=== Begin Enclosure ===

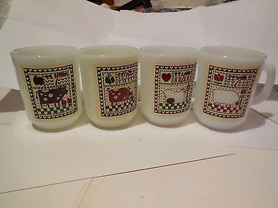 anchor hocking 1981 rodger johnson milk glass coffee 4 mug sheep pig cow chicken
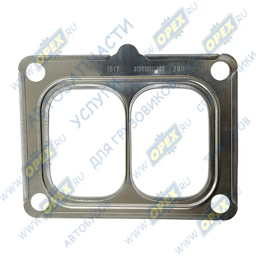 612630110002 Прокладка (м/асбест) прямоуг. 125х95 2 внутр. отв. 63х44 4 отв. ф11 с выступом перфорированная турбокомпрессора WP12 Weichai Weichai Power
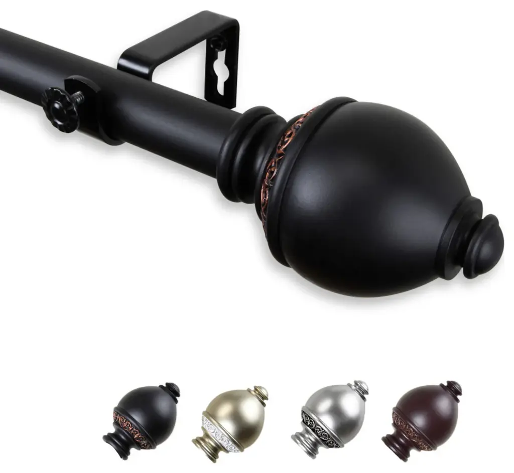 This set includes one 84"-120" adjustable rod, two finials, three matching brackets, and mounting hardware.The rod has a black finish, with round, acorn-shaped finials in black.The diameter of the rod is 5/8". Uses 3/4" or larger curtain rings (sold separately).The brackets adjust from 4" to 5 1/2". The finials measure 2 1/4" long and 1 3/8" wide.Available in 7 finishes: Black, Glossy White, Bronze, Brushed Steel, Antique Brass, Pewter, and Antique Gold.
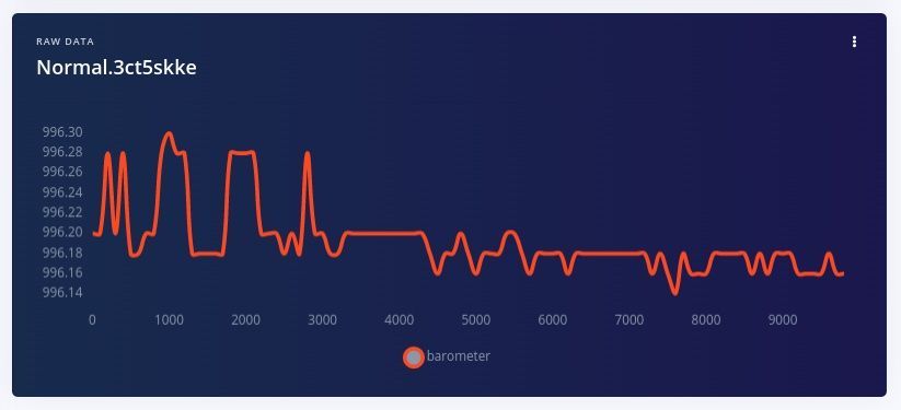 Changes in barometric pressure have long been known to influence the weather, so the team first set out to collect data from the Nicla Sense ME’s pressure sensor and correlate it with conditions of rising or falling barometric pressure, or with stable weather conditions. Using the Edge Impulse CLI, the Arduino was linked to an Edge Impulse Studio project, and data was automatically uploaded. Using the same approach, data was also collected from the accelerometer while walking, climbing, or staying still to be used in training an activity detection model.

=== End Enclosure ===
=== Begin Enclosure ===

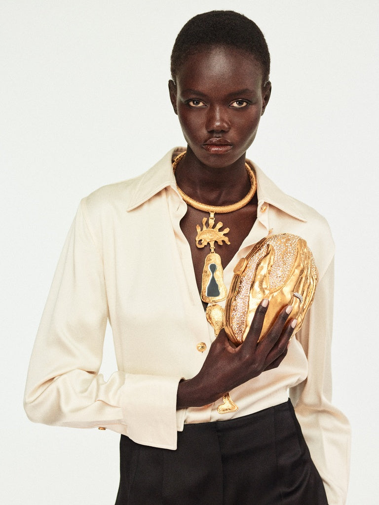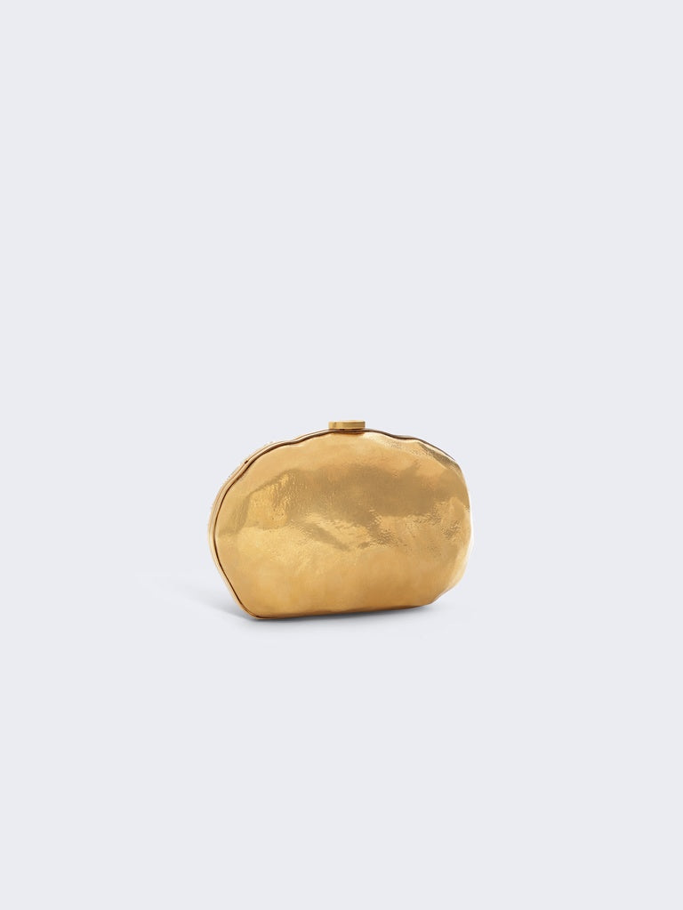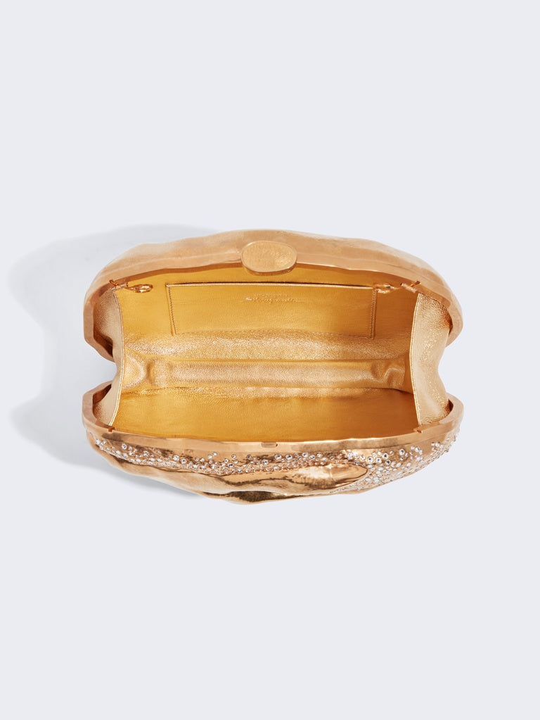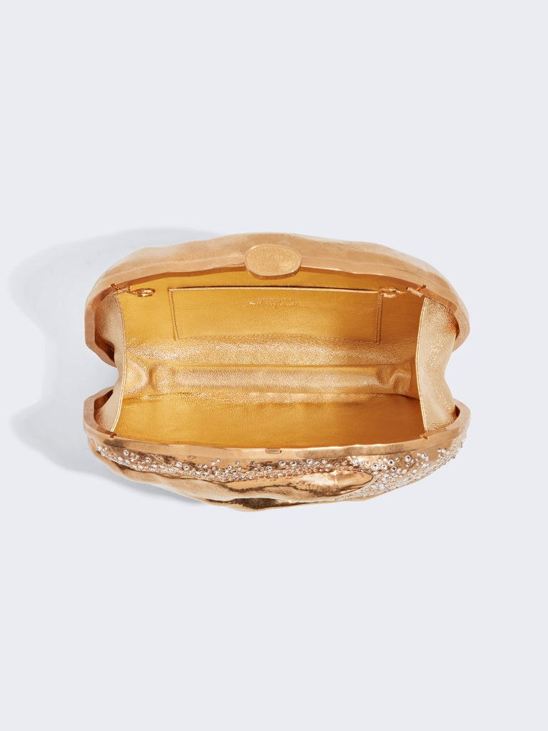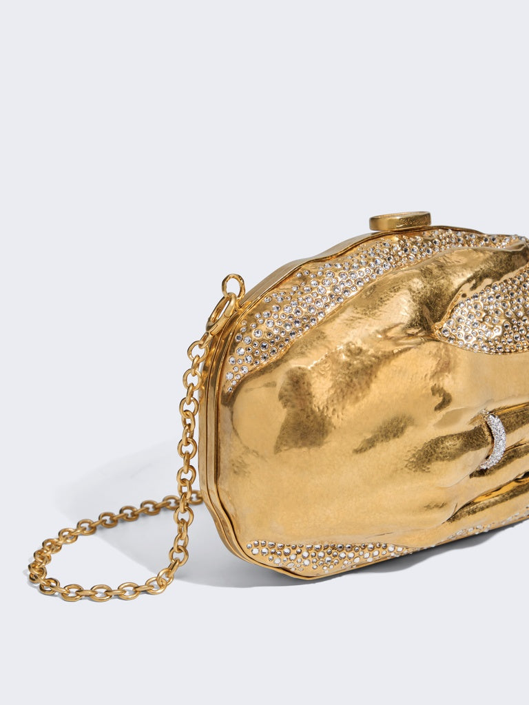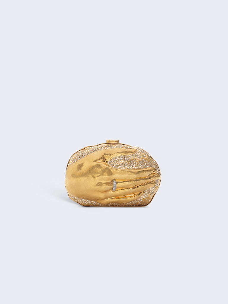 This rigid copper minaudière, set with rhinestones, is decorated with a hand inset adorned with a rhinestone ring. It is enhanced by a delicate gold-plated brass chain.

=== End Enclosure ===

Task directions » Would you output the lines above from the line holding "anchor hocking 1981" up to and including the line holding "This set includes", exactly and only those, with no pictures?

Result of this exercise »
 anchor hocking 1981 rodger johnson milk glass coffee 4 mug sheep pig cow chicken
 612630110002 Прокладка (м/асбест) прямоуг. 125х95 2 внутр. отв. 63х44 4 отв. ф11 с выступом перфорированная турбокомпрессора WP12 Weichai Weichai Power
 This set includes one 84"-120" adjustable rod, two finials, three matching brackets, and mounting hardware.The rod has a black finish, with round, acorn-shaped finials in black.The diameter of the rod is 5/8". Uses 3/4" or larger curtain rings (sold separately).The brackets adjust from 4" to 5 1/2". The finials measure 2 1/4" long and 1 3/8" wide.Available in 7 finishes: Black, Glossy White, Bronze, Brushed Steel, Antique Brass, Pewter, and Antique Gold.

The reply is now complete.